Motors and batteries

A complete transition to electric drives could potentially boost efficiency in the transport sector. A variety of electric motors can be used for this purpose. These electric motors are characterised by much higher efficiency than internal combustion engines. Electric motor efficiencies of over 90 percent and vehicle efficiencies of around 85 percent can thus be achieved. With regard to CO2 emissions, the increased use of electric vehicles offers a particular advantage when the electricity used is largely from renewable energies.

In the area of mobility, three-phase motors are commonly used. Due to their contactless power transmission and mechanically simple construction, wear on these motors is low and their efficiency constantly high. Energy recovery can also occur here thanks to the motor’s generator operation.

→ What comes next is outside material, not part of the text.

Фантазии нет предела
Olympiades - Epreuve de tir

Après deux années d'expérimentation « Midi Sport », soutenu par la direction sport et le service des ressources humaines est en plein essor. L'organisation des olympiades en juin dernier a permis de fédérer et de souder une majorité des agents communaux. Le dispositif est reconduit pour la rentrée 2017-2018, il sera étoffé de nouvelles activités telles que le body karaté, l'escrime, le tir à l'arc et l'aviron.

For efficient use of electric mobility, the first priority is reducing the weight and space requirements of the installed batteries. At the moment, however, batteries still have a low energy density compared to conventional fuels. This energy density is steadily growing as a result of technological developments, while the battery weight is being reduced.

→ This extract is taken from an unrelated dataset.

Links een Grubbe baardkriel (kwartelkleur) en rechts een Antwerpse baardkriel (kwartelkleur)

In addition, vehicle weights are decreasing, thanks to greater use of lightweight construction. Composite materials such as carbon fibre composites are used in this construction. In addition to reducing the weight and the energy requirements of the vehicle, these composites also improve the vehicle dynamics.

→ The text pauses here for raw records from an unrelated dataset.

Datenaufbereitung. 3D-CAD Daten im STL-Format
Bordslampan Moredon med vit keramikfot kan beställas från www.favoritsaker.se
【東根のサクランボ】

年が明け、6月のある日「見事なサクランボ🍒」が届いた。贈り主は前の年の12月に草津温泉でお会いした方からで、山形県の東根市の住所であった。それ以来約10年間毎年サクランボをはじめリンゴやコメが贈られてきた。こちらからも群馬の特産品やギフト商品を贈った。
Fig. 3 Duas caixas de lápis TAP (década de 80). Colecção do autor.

An important question in the field of electromobility is: How is the necessary energy fed into the vehicle and which charging technology is used? At present, most charging systems are cable-based.

Depending on the capacity of the connected power source, charging capacities of 10 to 22 kW are currently achieved in Germany. Newer alternatives are also available besides this classic charging model. Inductive charging, in particular, which requires no cable connection, is becoming increasingly important. In this method, electricity is transferred between the battery and charging device wirelessly, by means of a magnetic field. This enhances user convenience and also solves the problem of compatibility with charging systems. Charging at up to 7.2 kW is already possible with this method.

Further developments in technology that allow charging facilities to be installed under roads also offer huge opportunities for increasing vehicle range. Successful implementation of electromobility will also require expansion of the charging infrastructure.

Charging infrastructures that provide access to a higher number of users can generate high demand. In this case, the use of a load management system for the charging point is advantageous. Such a system can alleviate the problem of peak charging loads and make the charging process more efficient.

In future, electromobility will also be integrated into the power grid infrastructure on the basis of smart grid concepts. With smart grid services, the vehicle batteries provide electronic storage capacity for excess electricity and, in the event of a supply shortage, return this electricity to the grid, a process also referred to as “vehicle to grid”. The charging stations required to feed the electricity back to the public grid are currently in development. The same applies to the power electronics required to coordinate the flow of electrical energy.